What is RAG?
Retrieval-Augmented Generation (RAG) systems combine the strengths of information retrieval with language generation to answer questions based on large collections of documents.
Building a Basic RAG System
In DSPy, a RAG system is a Module that uses a dspy.Retrieve component
alongside a generation component (dspy.Predict or
dspy.ChainOfThought).
import dspy
class BasicRAG(dspy.Module):
def __init__(self, num_passages=5):
super().__init__()
# 1. Define Retrieval Component
self.retrieve = dspy.Retrieve(k=num_passages)
# 2. Define Generation Component
self.generate_answer = dspy.ChainOfThought("context, question -> answer")
def forward(self, question):
# 1. Retrieve Phase
context = self.retrieve(question).passages
# 2. Generation Phase
prediction = self.generate_answer(context=context, question=question)
return dspy.Prediction(
context=context,
answer=prediction.answer
)
Advanced RAG Techniques
Real-world questions often require more than simple keyword search.
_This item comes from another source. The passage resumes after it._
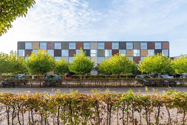 The rhythm of the façade with its chequerboard motif is reflected in the show park via a mosaic of lawns and greenery. Consequently, no less than half of this total area consists of unpaved ground. This means that the rainwater has more than enough space to infiltrate into the subsoil.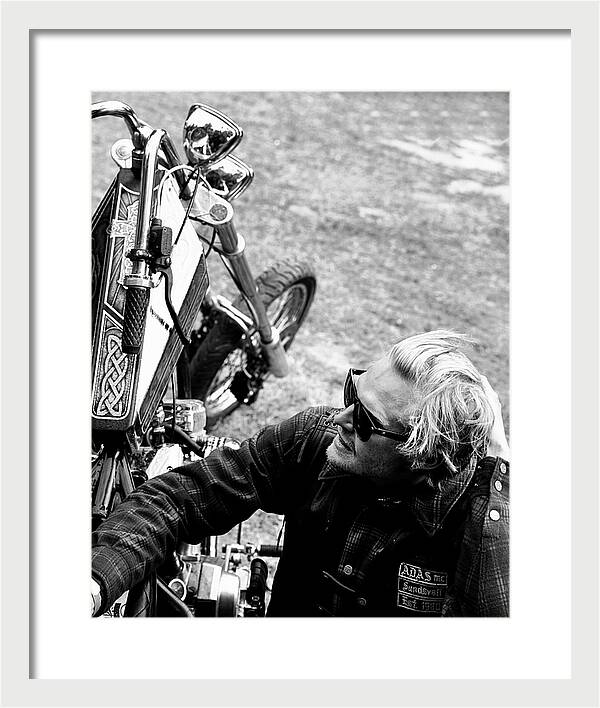 Svartvitt kvalitets fotografi med Harley Davidson Chopper och ägaren med mörka glasögon.

Here are two powerful patterns.
1. Multi-Stage RAG
Perform broad retrieval first, then re-rank or filter to find the most precise information.
class AdvancedRAG(dspy.Module):
def __init__(self):
super().__init__()
self.retrieve = dspy.Retrieve(k=10)
self.rerank = dspy.Predict("query, documents -> ranked_documents")
self.generate = dspy.ChainOfThought("question, context -> answer")
def forward(self, question):
# 1. Broad Retrieval (Get 10 docs)
initial_docs = self.retrieve(question).passages
# 2. Re-rank (Filter to top 3)
reranked = self.rerank(
query=question,
documents=initial_docs
)
top_context = reranked.ranked_documents[:3]
# 3. Generate Answer
return self.generate(question=question, context=top_context)
2. Query Expansion
Sometimes the user's question isn't the best search query. Use an LLM step to improve the search terms.
class QueryExpansionRAG(dspy.Module):
def __init__(self):
super().__init__()
self.expand_query = dspy.ChainOfThought("question -> search_terms")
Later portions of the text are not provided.